◆ Dataset entries ◆
::::::::::

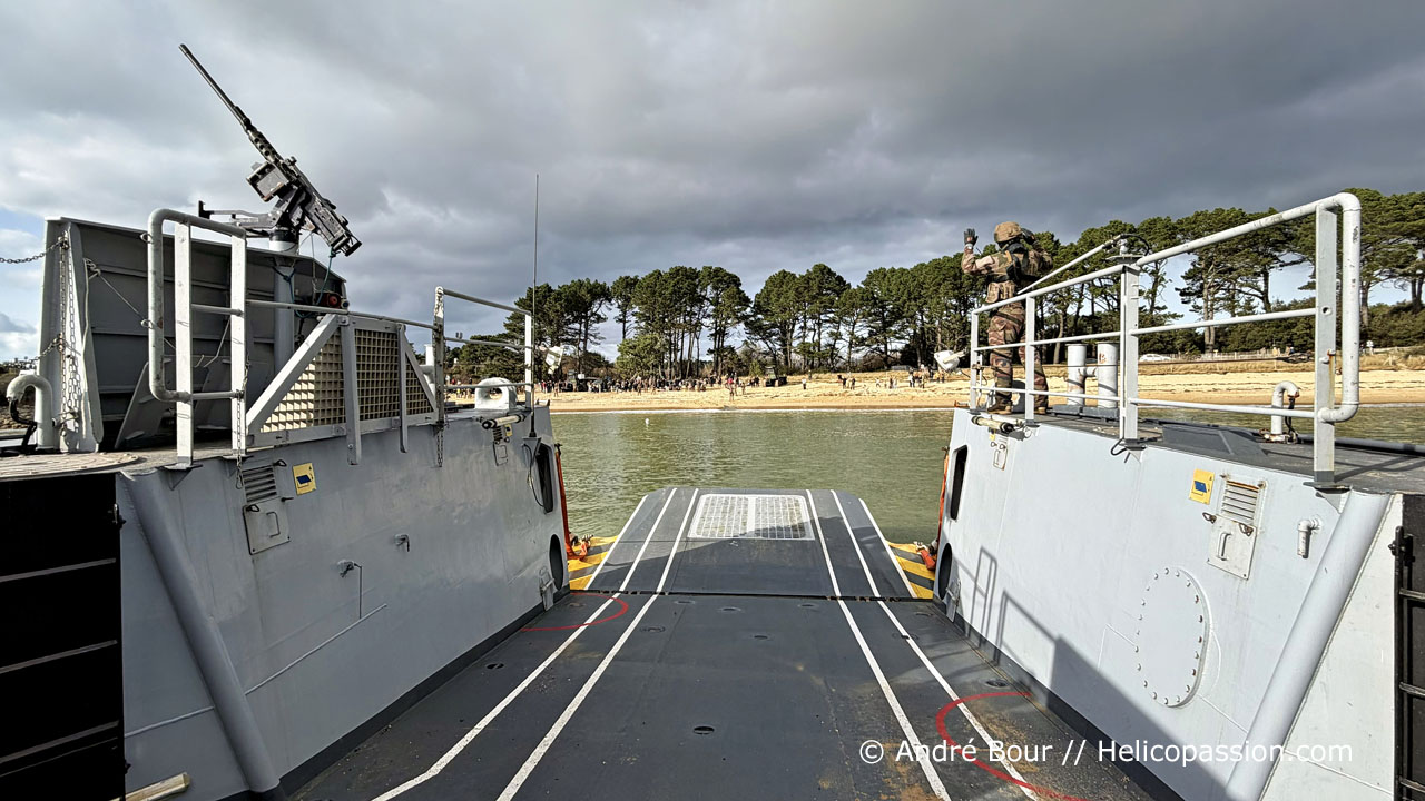 Accostage d’un EDAS lors d’une rotation depuis les PHA. Les premiers véhicules lourds rejoignent la tête de pont
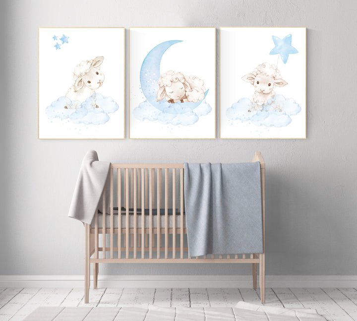 Sheep nursery decor, Nursery decor boy, nursery decor lambs, nursery wall art sheep, moon and cloud wall art nursery, boy nursery decor
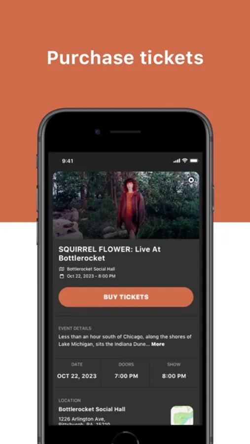 - Purchase and manage your tickets to any Bottlerocket concert or event
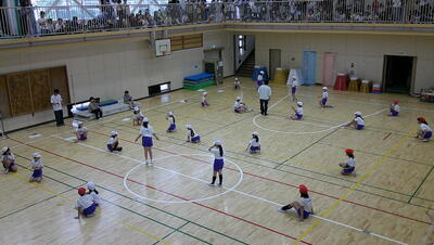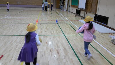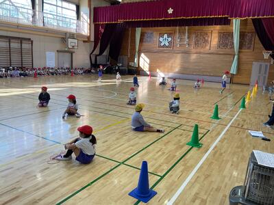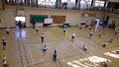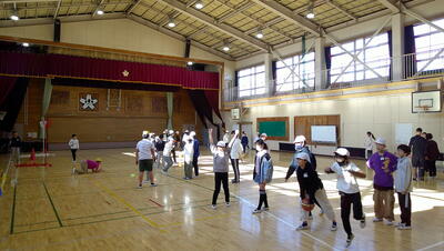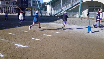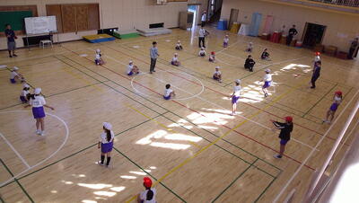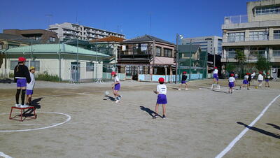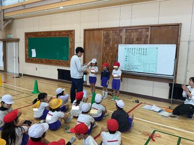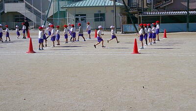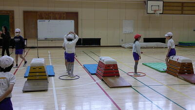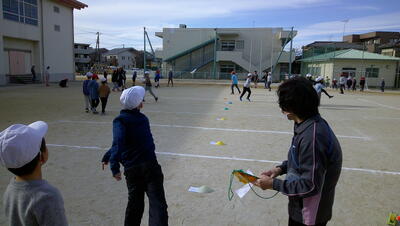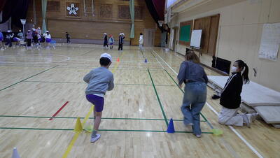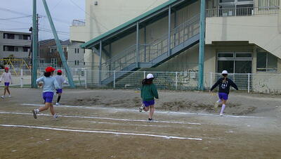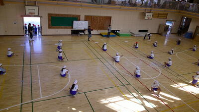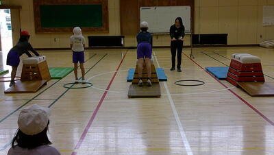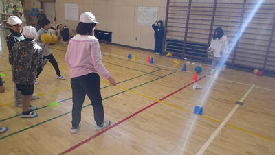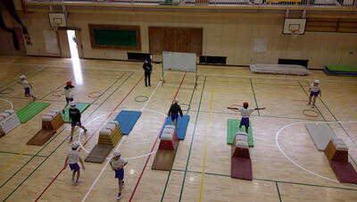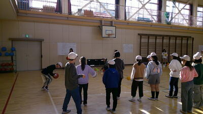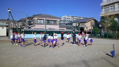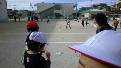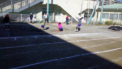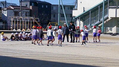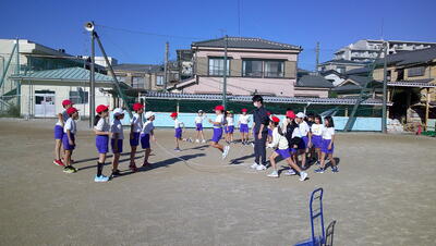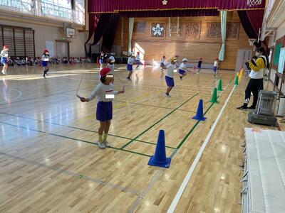 明日に控えた、二重跳びリレーの予選。体育の授業でも最初の時間に個々が縄跳び練習をする時間を与え、スキルアップと体力の向上に取り組んでいます。
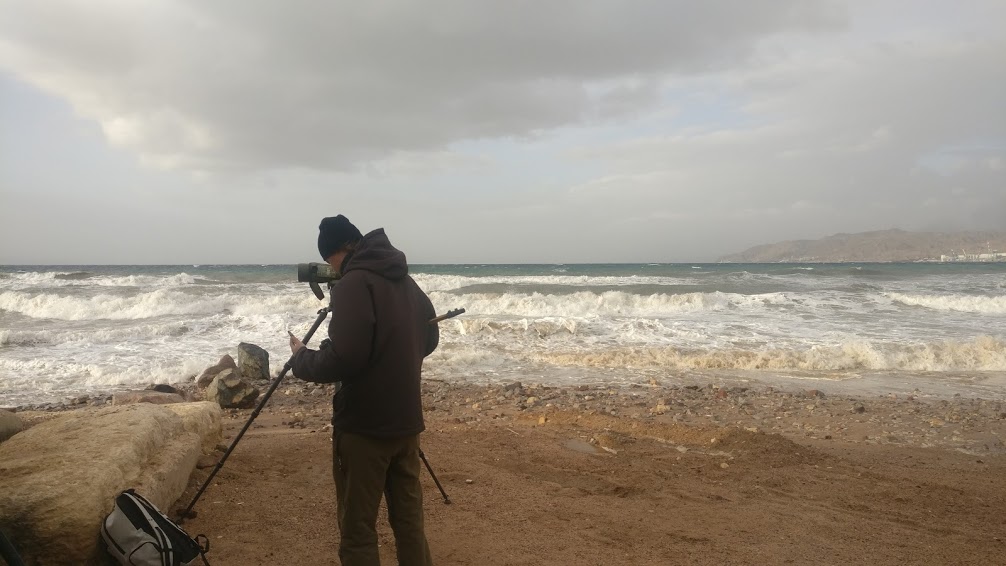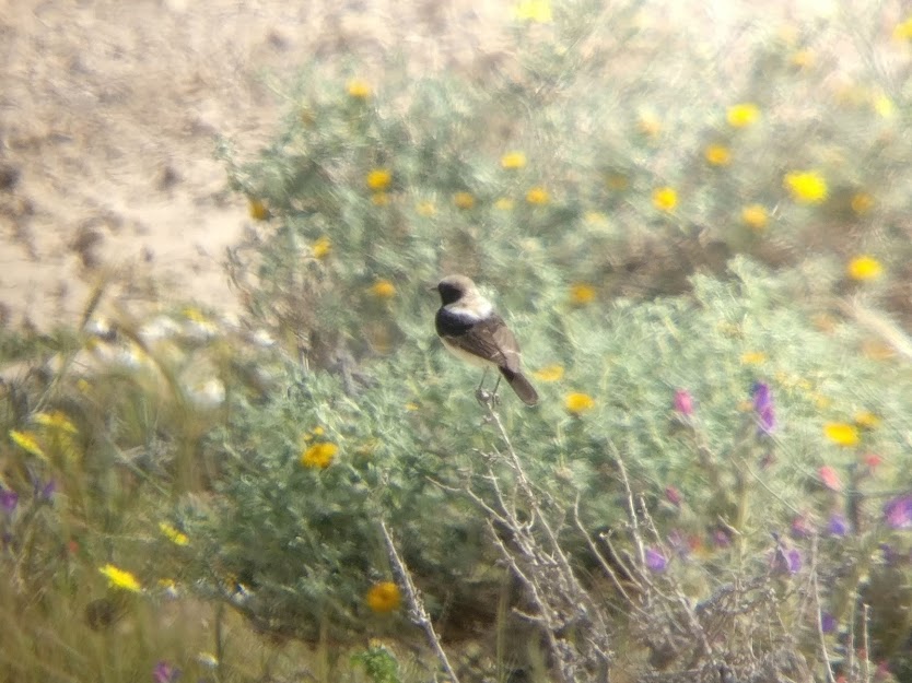 Hirveä blosis etelästä, ja lähdimme aamuksi North Beachiin. Fuscareita muutti noin 120, ja haapana, merikihu, riuttis ja gelo repeiksi. Aamun paras havis oli fuscari-parvessa muuttanut 2kv mustapäälokki! Ajelimme siitä Yotvataan yrittämään taas naamakyyhkyä, mutta ei hoitunut. Eilinen (hiekka)myrsky jatkui, ja retkeilyolosuhteet eivät olleet optimaaliset.
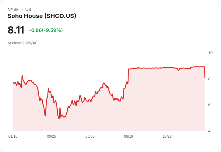 值得注意的是,Soho House早在八月份便同意以每股9美元的價格被MCR Hotels主導的投資團隊收購。隨著各方努力尋找解決方案,未來幾天內該合併案能否如期推進,將成為市場關注的焦點。
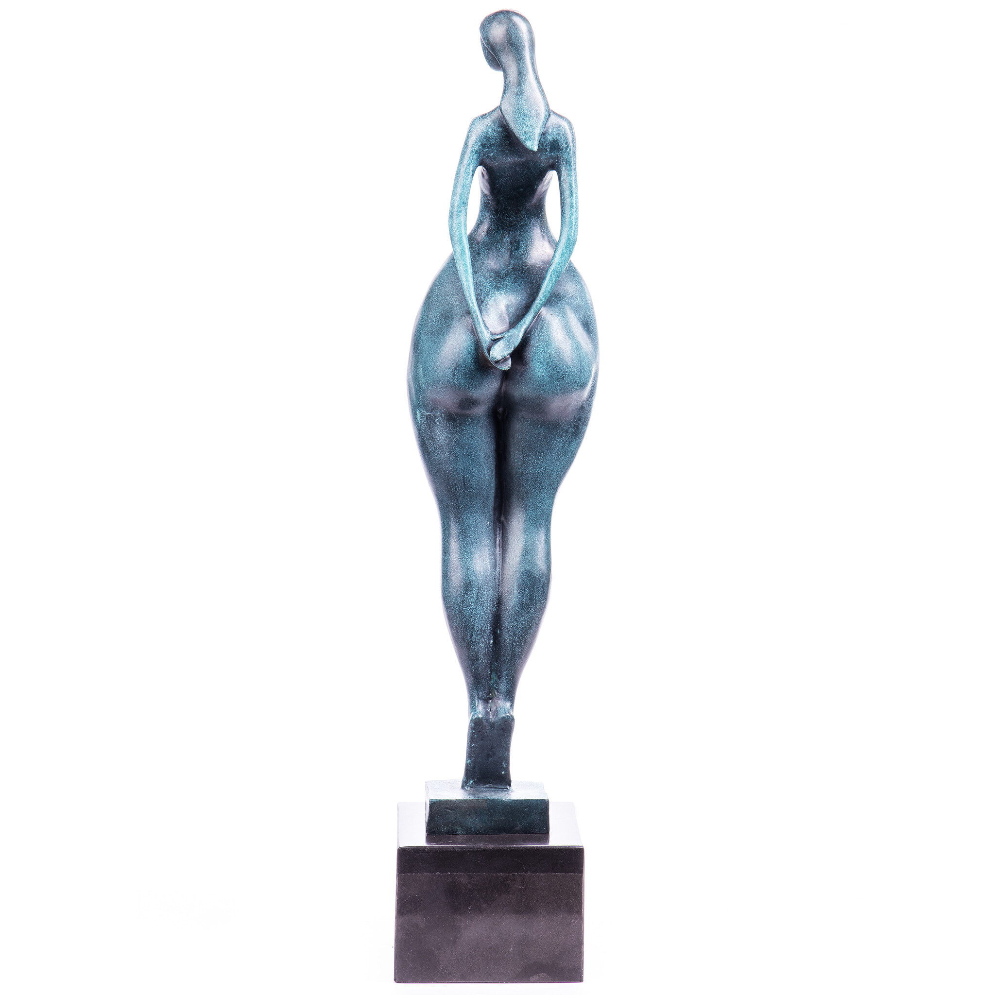 Wunderschöne Bronzeskulptur einer Frau mit breiten Hüften. Sehr schön detailliert und traditionell im Wachsausschmelzverfahren hergestellt. Diese Statue hat eine wetterbeständige grüne Patina.
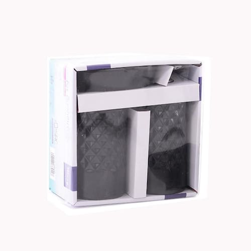 Informações adicionais: Ean: 7908281339228 Validade: indeterminada Capacidade: 380ml Tamanho aproximado: Saboneteira - 12,2x8x3cm Porta escovas - 11,3x7,5cm de Porta sabonete liquido - 16,7x7,5cm de Tamanho aproximado da caixa: a:16,5xl:18cm Peso aproximado: 810g Tipo de produto: jogo para banheiro scale com 3 pecas na caixa Cor: preto Composição: porcelana e plastico
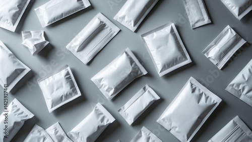 Assorted bubble mailers with textured surface arranged on a white background for shipping and logistics
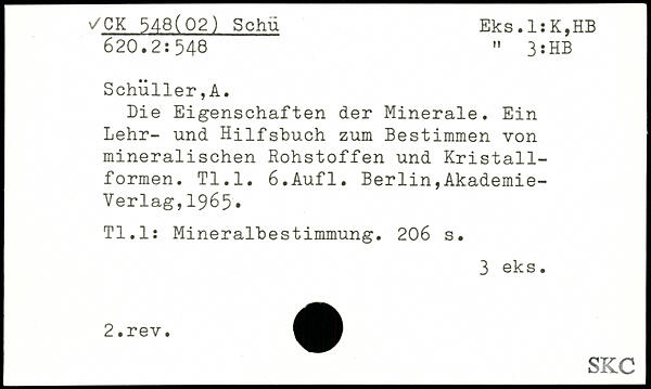 Die Eigenschaften der Minerale. Ein Lehr- und Hilfsbuch zum Bestimmen von mineralischen Rohstoffen und Kristallformen. Tl.l.

::::::::::

◆ Work request ◆
Retype word for word the span of lines above that begins with the line containing "Wunderschöne Bronzeskulptur einer" and ends with the last line of the records; skip all pictures.

◆ Exercise result ◆
 Wunderschöne Bronzeskulptur einer Frau mit breiten Hüften. Sehr schön detailliert und traditionell im Wachsausschmelzverfahren hergestellt. Diese Statue hat eine wetterbeständige grüne Patina.
 Informações adicionais: Ean: 7908281339228 Validade: indeterminada Capacidade: 380ml Tamanho aproximado: Saboneteira - 12,2x8x3cm Porta escovas - 11,3x7,5cm de Porta sabonete liquido - 16,7x7,5cm de Tamanho aproximado da caixa: a:16,5xl:18cm Peso aproximado: 810g Tipo de produto: jogo para banheiro scale com 3 pecas na caixa Cor: preto Composição: porcelana e plastico
 Assorted bubble mailers with textured surface arranged on a white background for shipping and logistics
 Die Eigenschaften der Minerale. Ein Lehr- und Hilfsbuch zum Bestimmen von mineralischen Rohstoffen und Kristallformen. Tl.l.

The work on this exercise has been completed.